氏 名 みのうら くにお
箕浦 邦雄
本籍(国籍) 北海道
学位の種類 博士 (農学) 学位記番号 連研 第384号
学位授与年月日 平成19年3月23日 学位授与の要件 学位規則第5条第1項該当 課程博士
研究科及び専攻 連合農学研究科 生物資源科学専攻
学位論文題目 農業用トラクタ用水平方向サスペンションに関する研究
( Lateral Suspension Systems for Farm Tractors )
論文の内容の要旨

 本研究は,トラクタ座席における運転者の振動暴露を減少させ, 乗り心地と運転環境を改善する目的で開発した水平方向サスペンションに関する研究である。

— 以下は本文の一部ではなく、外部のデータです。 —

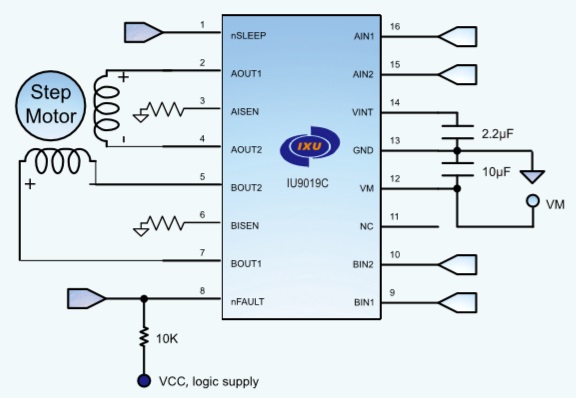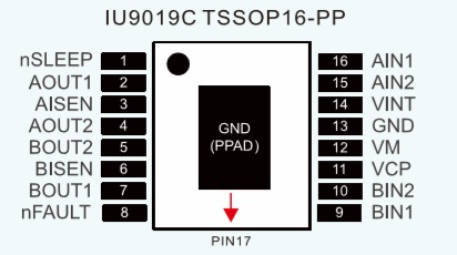 IU9019C为玩具、打印机和其它电机一体化应用提供一种双通道电机驱动方案。IU9019C有两路H桥驱动,可以驱动两路刷式直流电机,一个双极步进电机,多个螺线管或者其它感性负载。每个H桥的功率输出模块由N沟道功率MOSFET组成,用于驱动电机绕组。每个H 桥均具备调节或限制绕组电流的电路。该器件利用故障输出引脚实现内部关断功能,提供过流保护、短路保护、欠压锁定和过热保护,并提供了一种低功耗休眠模式。另外提供一个错 误输出管脚nFAULT,当过流过温保护的时候,nFAULT为低电平.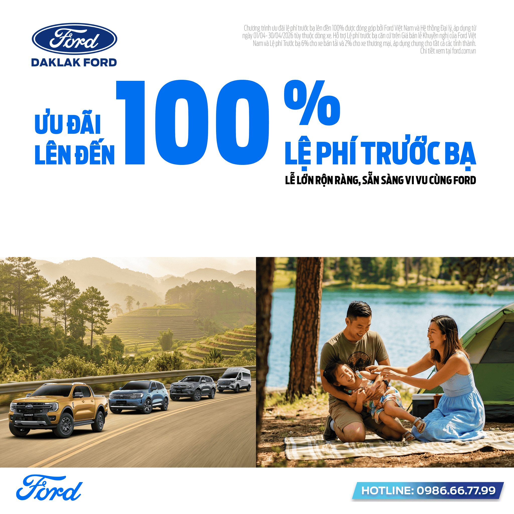 Đồng hành cùng bạn khám phá những vùng đất mới, Ford Việt Nam mang đến ưu đãi đặc biệt dịp lễ lớn, giúp bạn sở hữu chiếc xe Ford yêu thích với chi phí tối ưu: HỖ TRỢ LÊN ĐẾN 100% LỆ PHÍ TRƯỚC BẠ
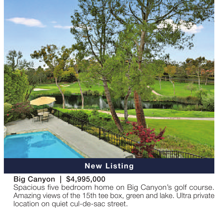 Big Canyon | $4,995,000 Spacious five bedroom home on Big Canyon’s golf course. Amazing views of the 15th tee box, green and lake. Ultra private location on quiet cul-de-sac street.
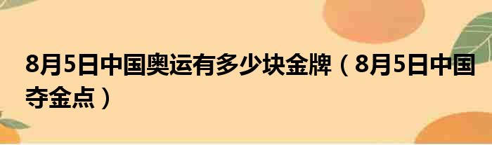 8月5日中国奥运有多少块金牌,8月5日中国夺金点很多人还不知道,今天乐天来为大家解答以上问题,现在让我们一起来看看吧!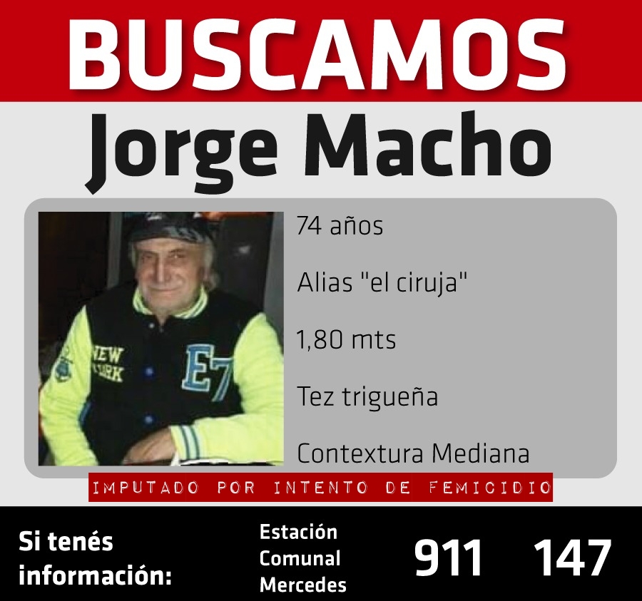 La UFI n 4 de la localidad de Mercedes dictó el pedido de captura para Jorge Macho de 74 años quien está imputado por  intento de femicidio ocurrido la semana pasada. Guadalupe González, directora de Políticas de Género y Diversidad de Mercedes comentó que, desde la Secretaría de Seguridad local están trabajando y brindando todo el apoyo necesario para aportar a la búsqueda así como información a la fiscalía a cargo del Dr. Lisandro Massón. Mientras, desde su cartera trabajan con la familia en la asistencia y contención psicológica.

 既往座席研究については,上下振動を減衰させることに重点がおかれ,水平方向,特に水平左右方向の振動を減衰させることについては, 重要視されてこなかった。 また,研究や実験時のトラクタ運転姿勢は,進行方向正面を向き,両手でハンドルを保持する姿勢で行われてきた。 また,これは実際の運転姿勢を反映しているとは言えず,実状に即していないことが考えられる。

 本研究では,トラクタ運転者の作業時における運転姿勢の実態を知るために,各作業中の後方視回数・時間および間隔等を実測・記録した。 その結果,運転者は作業中片手でハンドルを保持し,斜め右前方を向いた姿勢で運転していることが分かった。 後方視は,播種,移植作業で作業時間の4~7%,防除,収穫作業では30~50%であった。 また調査した11種の作業において,平均24 秒に一度後方視し,その継続時間は2秒という頻度であった。 この後方視は,防除作業や作畦作業など一部を除き,ほぼすべて右側から行われる。 農業者は長年にわたり,右側から後方視をする姿勢を続けたことで,右側から後方視しやすい姿勢で運転し,左側から後方視することは, 必要最小限である。 このことから,トラクタ座席や操縦装置は,座席の中心にある回転軸を左前方に移動して,座席を右方向に回転した際に, 右膝が操作装置などに接触しないようにするなど,無理なく右側から後方視が可能な機能を装備しなければならないことが分かった。

 トラクタ作業時における水平方向の振動は,作業によっては上下振動より大きいにもかかわらず,懸架装置が一部に見られるのみで, 未対策の分野である。 特に後方視のような体幹を捻った状態で暴露する左右方向の振動は,既往研究が多くは見られず,推察の範囲を出ないが, 腰椎などに障害をもたらす可能性があり,対策が必要と考えられる。

 本研究では,振り子型,スライドレール型,二つの水平方向サスペンションを開発・供試した。 また,市販座席に,メーカ提供の水平懸架装置を組み込んで供試し,比較検討した。

 試験の結果,市販の水平懸架装置装備の座席が,振動加速度を2~6 Hzの範囲で平均50%減衰したのに対し, 開発したスライド式水平懸架装置付座席,振り子型懸架装置付座席とも,それぞれ平均66%,81%減衰した。 このように,振り子型懸架装置は,全ての周波数設定,振幅設定において供試座席中,もっとも高い減衰率を示し, またその加振初期,および停止期の過渡特性も穏やかであり,体感試験においても効果が実感できた。 このことにより,振り子型懸架装置は,トラクタ用座席懸架装置として有効であることが確認できた。